If so far the Kazakh authorities have seen in the activities related to cryptocurrencies above all an opportunity for economic diversification and the influx of investments in the country, in June 2020 the desire to attract in the following three years was expressed beyond 700 million dollars of investments in the sector, the energy fallout could change the picture. The rationing to the largest consumers has already begun and there is also talk of measures to limit access to the electricity grid to unregistered mining operators or the introduction of a maximum limit of energy inflow intended for the sector as a whole.

However, the crisis of one country can represent an opportunity for another. As reported by Eurasianet, in fact, the Russian state company Inter RAO, operator of export and import of electricity, immediately proposed for open a supply channel at market prices to Kazakhstan, a costly alternative for the Kazakh authorities but probably the only one currently viable, considering the approach of the very rigid Central Asian winter. A proposal that is being examined by the Nur-Sultan Ministry of Energy, aware that, as explained by the Deputy Minister Murat Zhurebekov during a press conference, for a more systemic solution to the problem, investments in the national network would be needed for at least 1.5 billion dollars and at least five years of time.

The theme is also environmental, as well as economical.
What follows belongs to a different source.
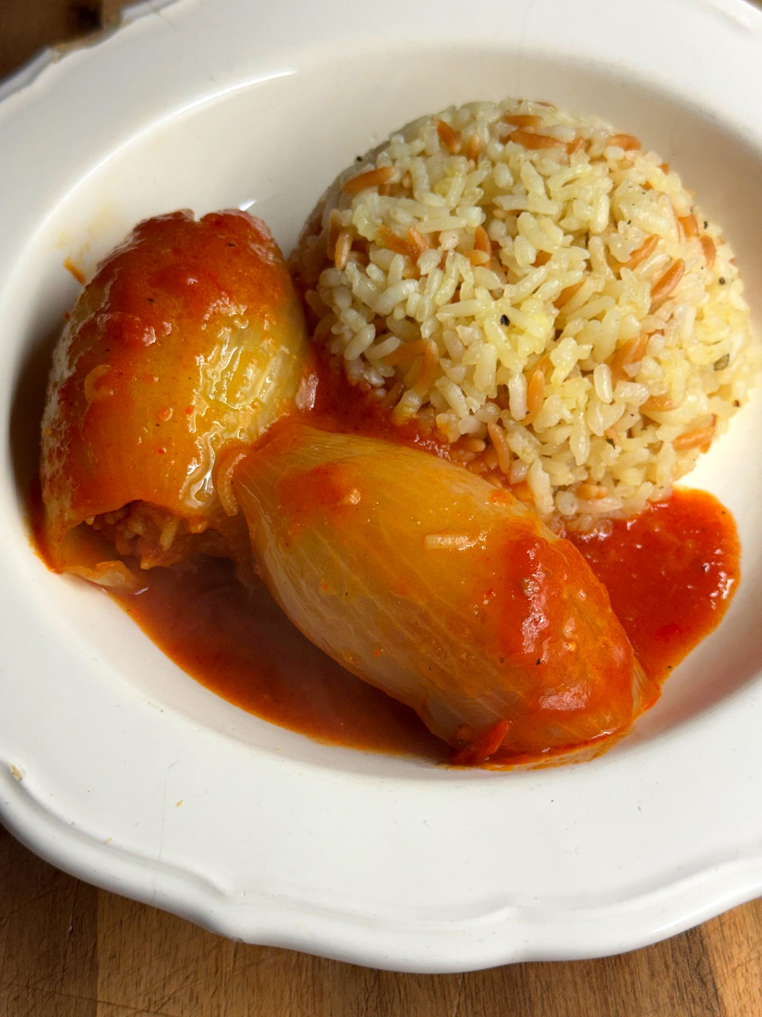 This old-fashioned Turkish dish uses onions as a flavourful wrapping paper for meat and rice, simmered in a rich tomato gravy until tender.

In fact, Kazakhstan occupies the tenth position globally for per capita emissions of carbon dioxide and, considering that much of the electricity is produced internally using coal-fired power plants keeping the price of the same artificially low, the difficulty of satisfying the internal demand will further delay the transition to renewable energies. On the other hand, the impact of cryptocurrencies on environmental sustainability is a topic that is increasingly in the spotlight, also because the numbers speak for themselves. Some estimates indicate that the “extraction” of Bitcoin – the most widespread and well-known cryptocurrency – generate between 22 and 23 million tons of carbon dioxide per year, equal to the emissions of countries like the Jordan or Sri Lanka. Still, according to data from the University of Cambridge, the annual amount of electricity needed to produce Bitcoins is almost equal 122 Terawattora, greater than the annual consumption of countries such as Argentina, Holland and United Arab Emirates.

Other countries may soon make the same decision as China by banning mining. This is what, for example, has recently been advocated by the Finansinspektionen, the Swedish Financial Supervisory Authority, and the Swedish Environmental Protection Agency. In the midst of Cop26, just concluded in Glasgow with an agreement deemed unsatisfactory by many observers, the two bodies have released one joint declaration, in which it is emphasized that the growing interest in renewable energy of cryptocurrency miners is not a positive element but a danger, because the renewables produced should be used for the climate transition of essential services towards sustainable models. Hence the invitation to ban mining on Swedish territory.

If the theme divides into contexts where there is no risk of energy rationing, the issue can only become even more thorny in countries, such as Kazakhstan, where promoting a sector such as cryptocurrencies at an institutional and economic level can have heavy repercussions on citizens’ daily lives. A dilemma that is currently difficult to resolve.